A jeering chuckle slips past your lips at his dismissive behavior. But knowing full well that you still have a pot pie scheduled for delivery later in the day, you decide to leave Kawanishi to his own devices so you can get started with the order. However, when you set foot in the kitchen, you are met with the sight of Reon teaching the newest recruit, Goshiki how to properly hand-knead pie dough without making too much of a mess.
“Reon, I thought it was my turn to handle deliveries,” you half-whine before peeling off your plastic gloves for disposal. After, you pull out one of the folded metal chairs tucked away in the corner to watch Reon’s demonstration. Though from the knowing look in his eye, he is well aware that you are more than glad that he took over your responsibilities to give Goshiki a quick tutorial.
“Tsutomu here told me he was tired of inventory,” he reasons with a shrug, hands still occupied with the task before him. “He’s been here for almost a month and I’m sure Wakatoshi won’t mind if I teach him how to bake.”
Your gaze meanders to Goshiki who is staring at you with a hint of timidness to his posture; those dark eyes of his conveying a subtle plea. “I-Is it okay, senpai?”
Before you can even think of holding it in, your lips curl into a wide smile, cackling at the younger boy’s formality. “Tsutomu, it’s more than okay!
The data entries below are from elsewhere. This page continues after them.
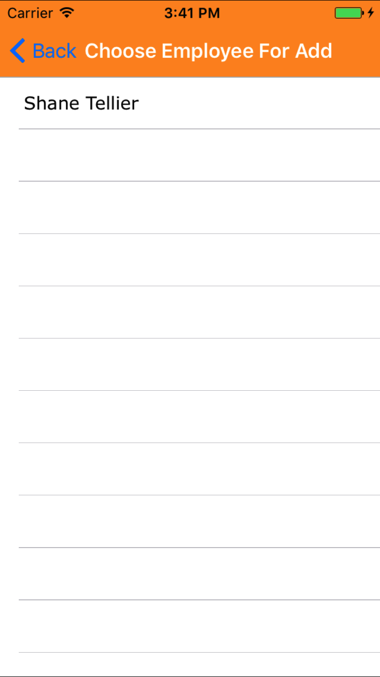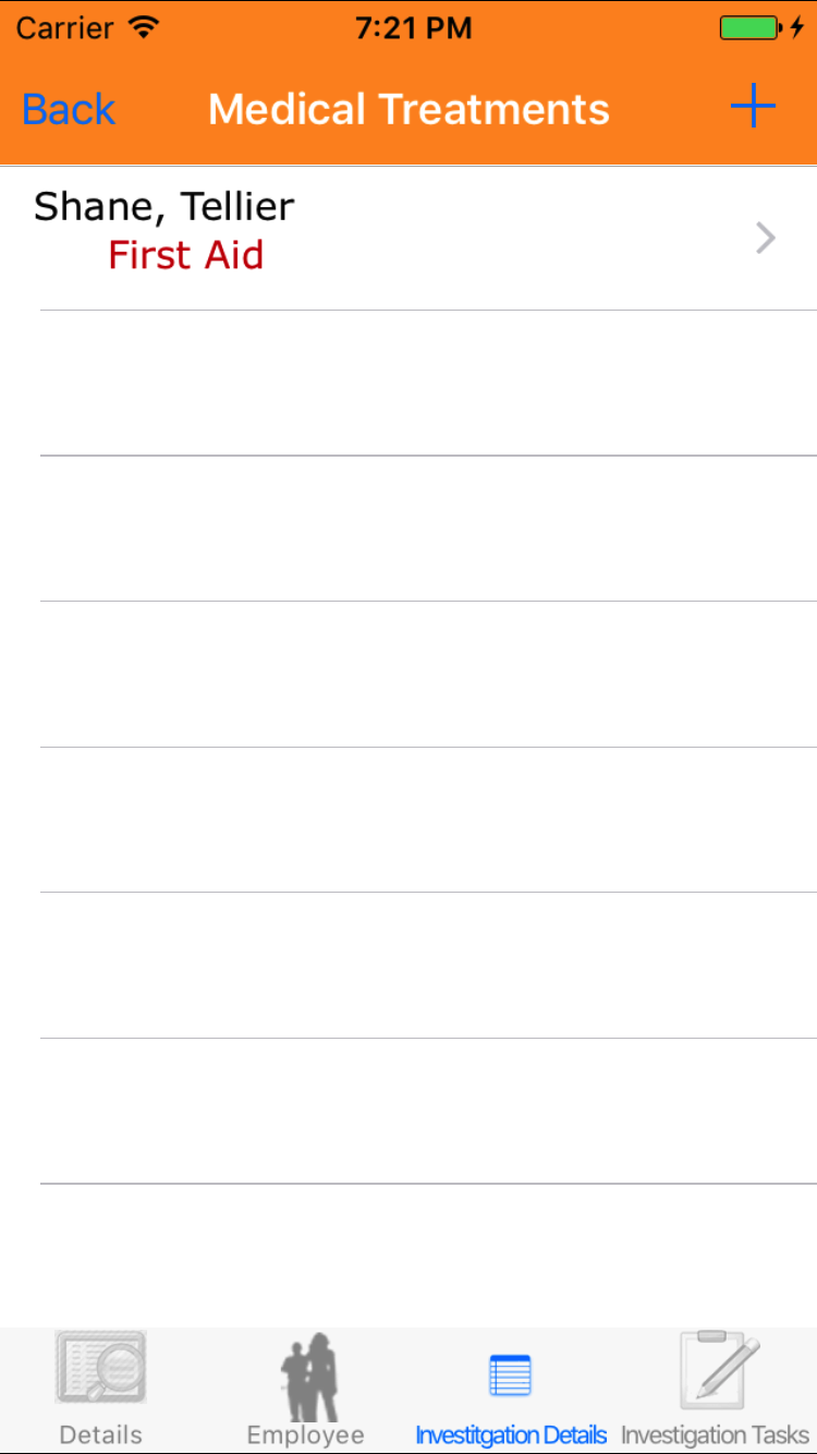 - Tap the desired employee to select it or tap Back in the top left corner to leave the Employee field unchanged and return to the Add Medical Treatment screen.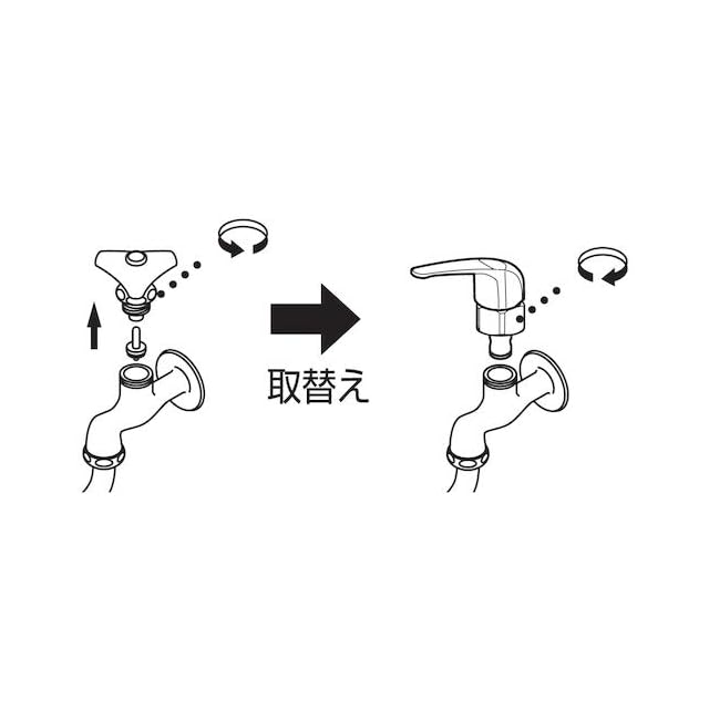 【取付方ツーバルブ混合栓の場合】1、止水栓を止めて作業してください。2、ハンドルのキャップ、ネジを外し、ハンドル部を抜き取ります。上部ナットを(パッキン押さえ)をスパナなどでまわし、スピンドルをはずします。単水栓内部にケレップが入っている場合はピンセット等で取り出します。3、本体内の掃除をします。4、本品を取り付けます。2箇所にパッキンが入っていることを確認し、単水栓本体に差し込み、袋ナットを締めつけます。その際、本品の故障につながるため、締め付けすぎないように注意してください。5、ガタツキ、水モレをチェックします。ガタツキの確認後止水栓を開き、水モレが無いかチェックしてください。水モレがある場合、初めからやり直してください。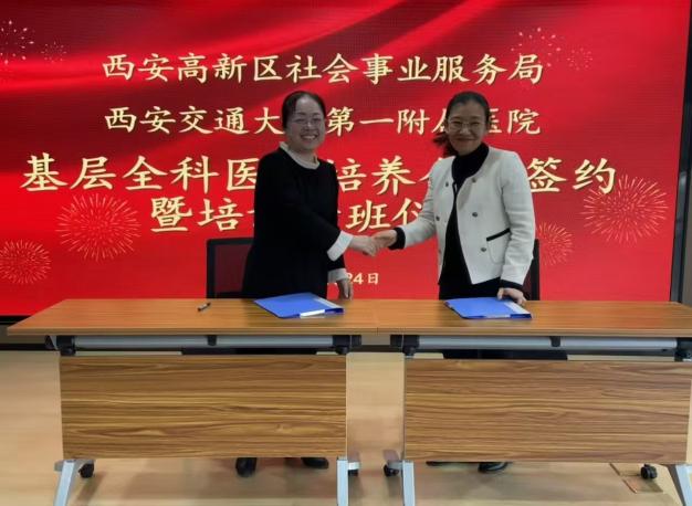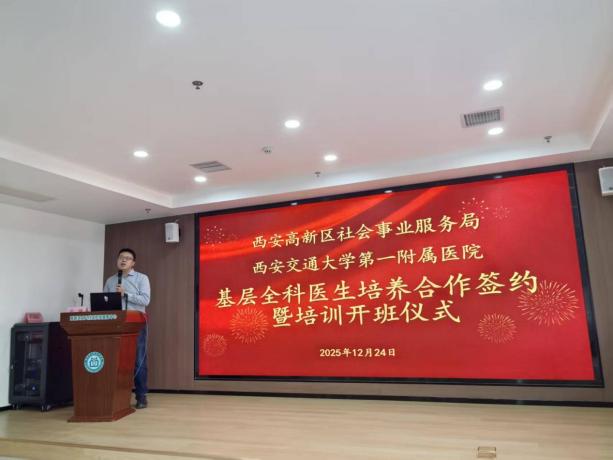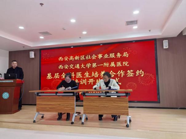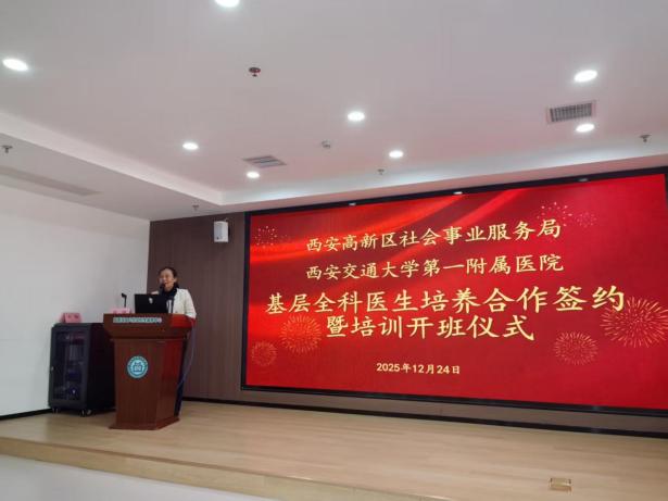 2025年12月24日下午,西安高新区社会事业服务局与西安交通大学第一附属医院在西安高新区丈八社区卫生服务中心六楼培训中心,隆重举行基层全科医生培养合作签约暨培训开班仪式。此次活动标志着区域医联体建设与基层卫生人才培养进入深度融合、协同发展的新阶段。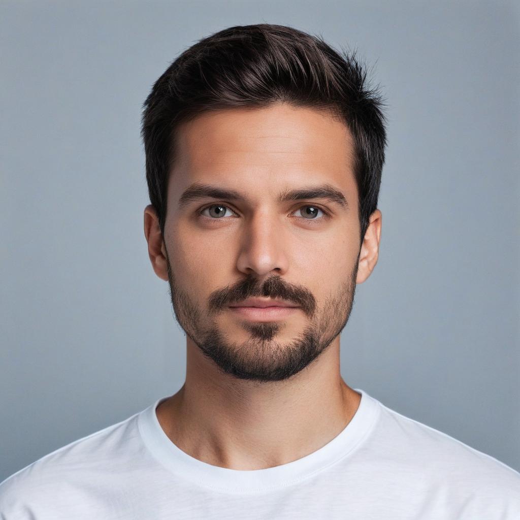 1boy, male focus, realistic, solo, facial hair, shirt, looking at viewer, white shirt, photorealistic, grey background, black hair, closed mouth, simple background, short hair, portrait, beard, blue eyes, upper body, brown hair, mustache, stubble, gradient background, black eyes, lips
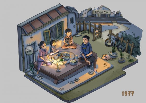 Bộ tranh sáng tạo “Bữa cơm nhà qua các thời kỳ” của dầu ăn Tường An kỷ niệm 40 năm thành lập
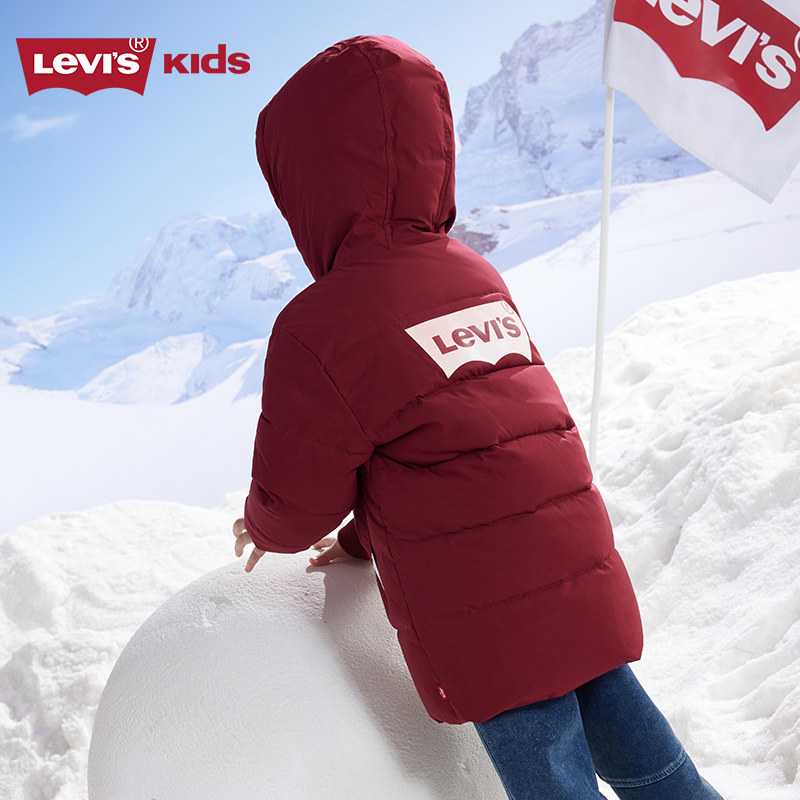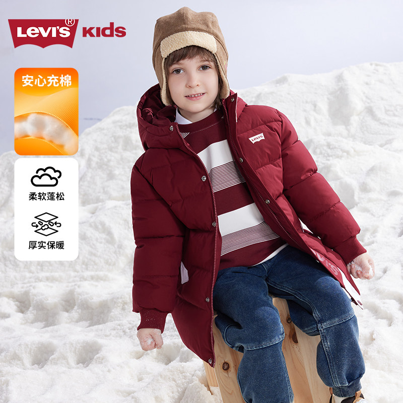 【新年红色】Levis李维斯儿童装男童长款棉服冬季童加厚外套女童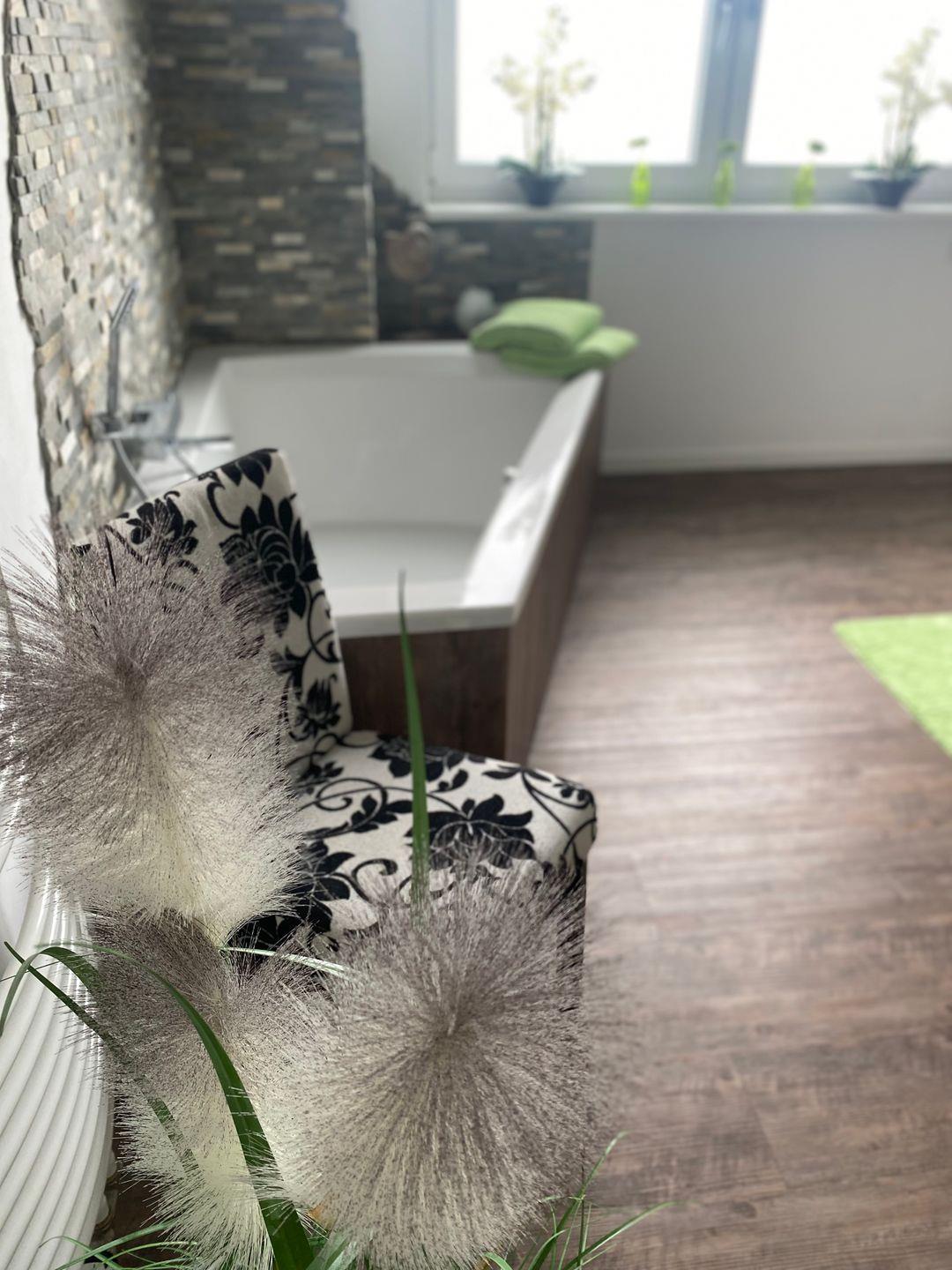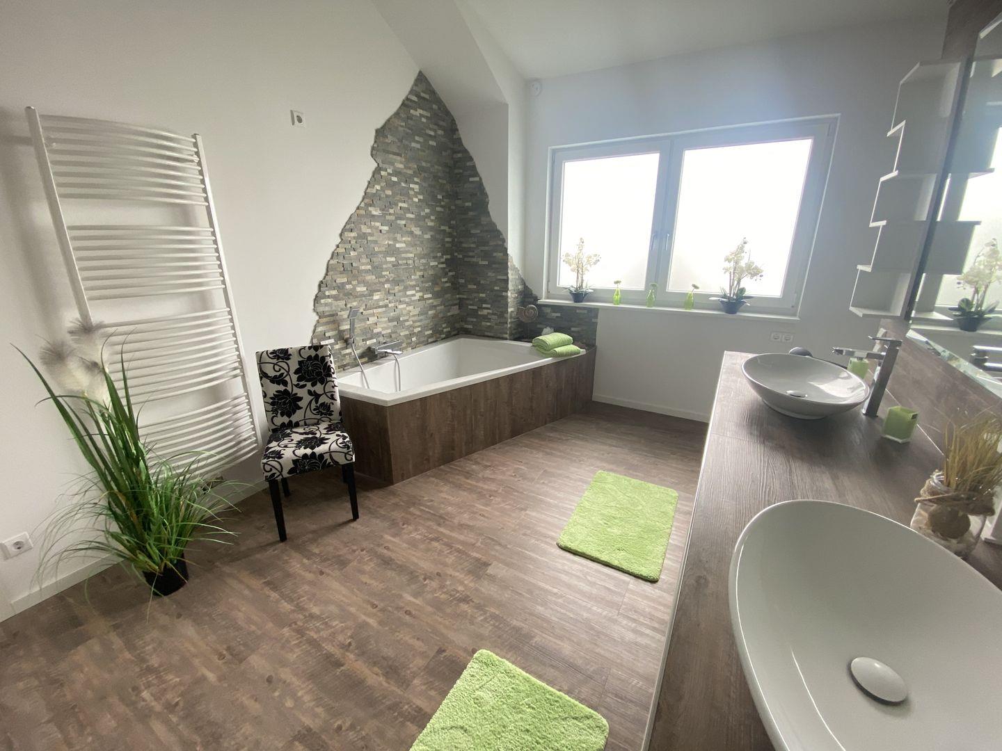 Der "Wohlfühl-Bereich" der Wohnung befindet sich im großzügigen Badezimmer: Ein Doppel-Waschtisch, eine begehbare Dusche sowie eine Badewanne mit Blick auf den Fernseher lassen Sie in den eigenen Wänden entspannen.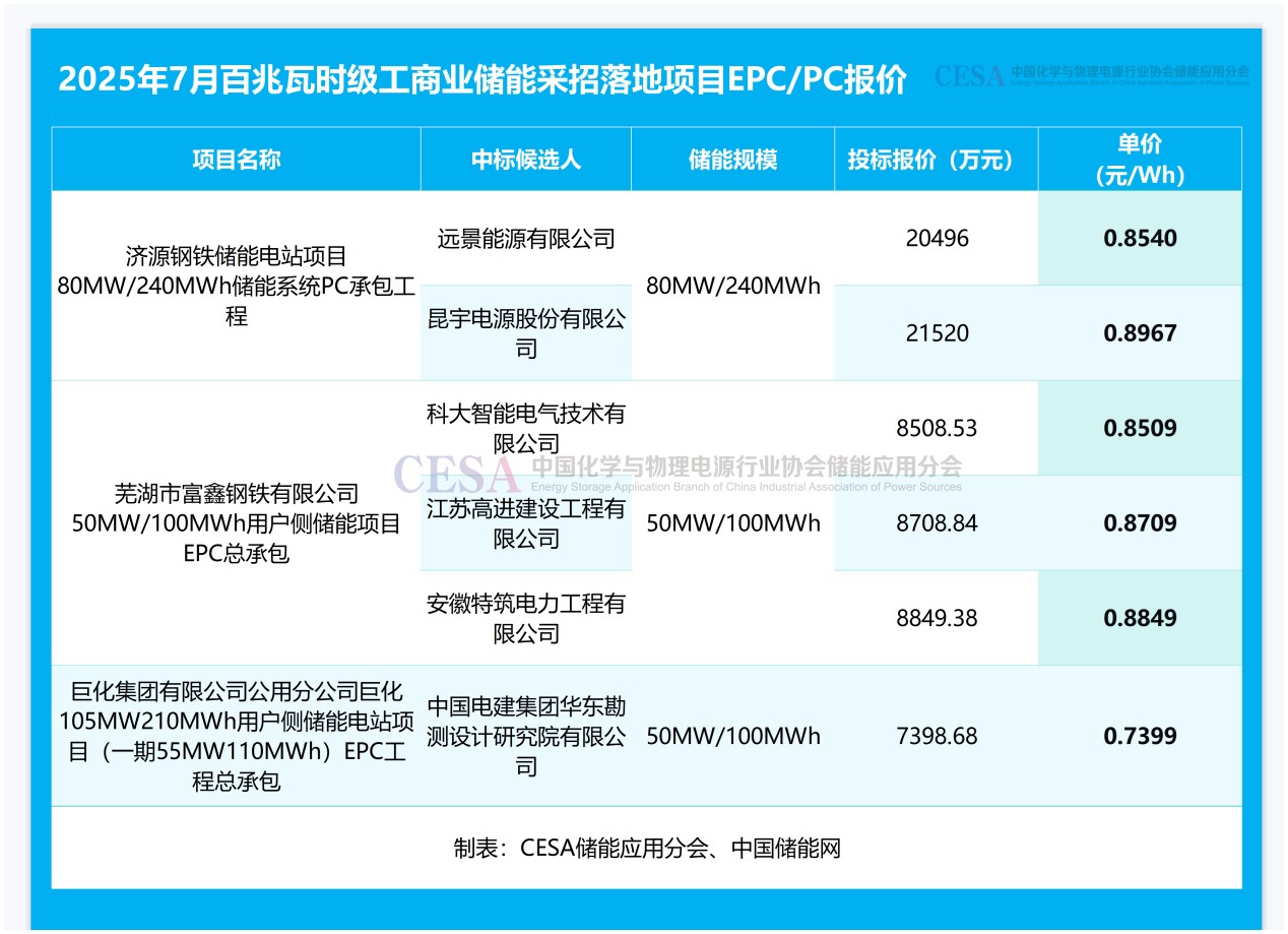據(jù)CESA儲(chǔ)能應(yīng)用分會(huì)產(chǎn)業(yè)數(shù)據(jù)庫不完全統(tǒng)計(jì),2025年7月,工商業(yè)儲(chǔ)能項(xiàng)目鋰電EPC/PC總承包價(jià)格主要集中在0.7399-1.5308元/Wh區(qū)間內(nèi),平均報(bào)價(jià)1.0622元/Wh,中標(biāo)加權(quán)均價(jià)0.8492元/Wh,環(huán)比下降20.08%。主要原因是7月多個(gè)百兆瓦時(shí)級(jí)工商儲(chǔ)項(xiàng)目采招落地,直接拉低了月度中標(biāo)加權(quán)均價(jià),詳情見下表。
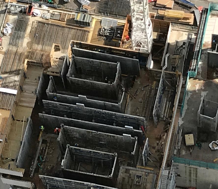 Kilnbridge were contracted for the construction of the D1 and D2 14-storey high cores. The scope included the construction of horizontal elements in the structural core including lift lobby, motor room, roof slabs, floating slabs, kerbs, upstands, plant bases, plinths and drainage. Kilnbridge were also contracted for the supply and installation of all precast concrete staircases within the core including internal handrails from the ground to level 14.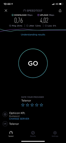 Székesfehérvár, Budai út: A nap nagy részében 50/20Mbps, de este/éjjel van, hogy mérek 90/45Mbps körül is.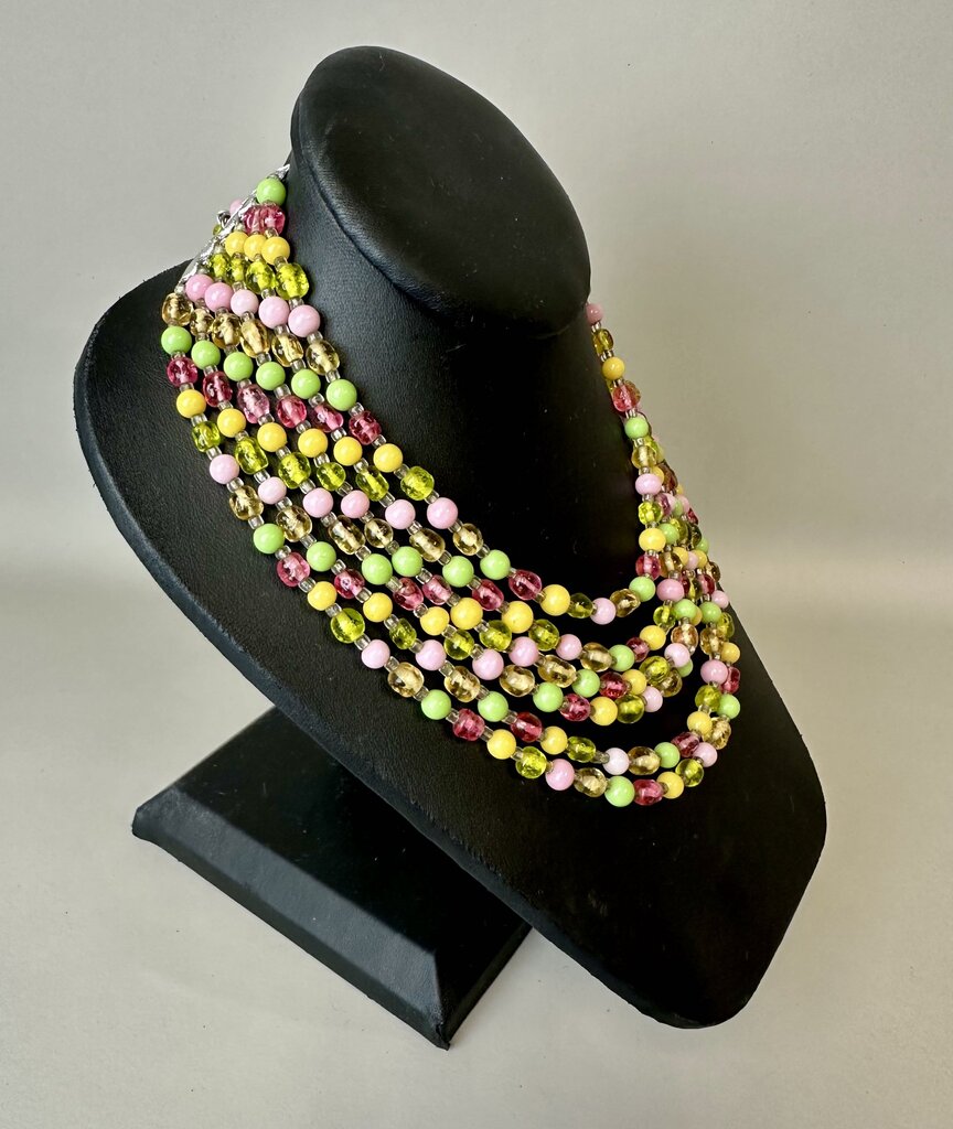 Vintage West German Pastel Glass Layered Bead Necklace (15")

And don’t call me senpai. Makes me feel old.”
Reon eyes you with amusement. “Aren’t you a few years away from turning thir—”
Before he can finish the sentence, you stomp over towards him to jab a finger in his face. “I don’t make offhanded comments about your life so don’t you make any about mine.”
“Ah, what is it with the youth these days?” a fourth voice intrudes in the conversation. “Always so insecure about aging. The older you become, the more things you’ll know about the world, you know~”
You whip your head to the direction from where it came from, and lo and behold, one of the bakery’s owners shoved past the kitchen’s double doors to grace you with his presence. There was always something about Tendou Satori that put you on edge; not in a bad way, really. You’ve long convinced yourself that maybe it’s his unconventional appearance that you find unsettling. That fiery hair and those glinting rubies for eyes certainly cater to his reputation. But besides the occasional eccentric comment from him, the way the air crackles with an intangible tension that you can’t quite wrap your head around in the rare instances that you’re in the same room is still hard to ignore.
“Tendou,” Reon acknowledges him tentatively. “You’re here early. Don’t you usually drop by at seven on weekends?”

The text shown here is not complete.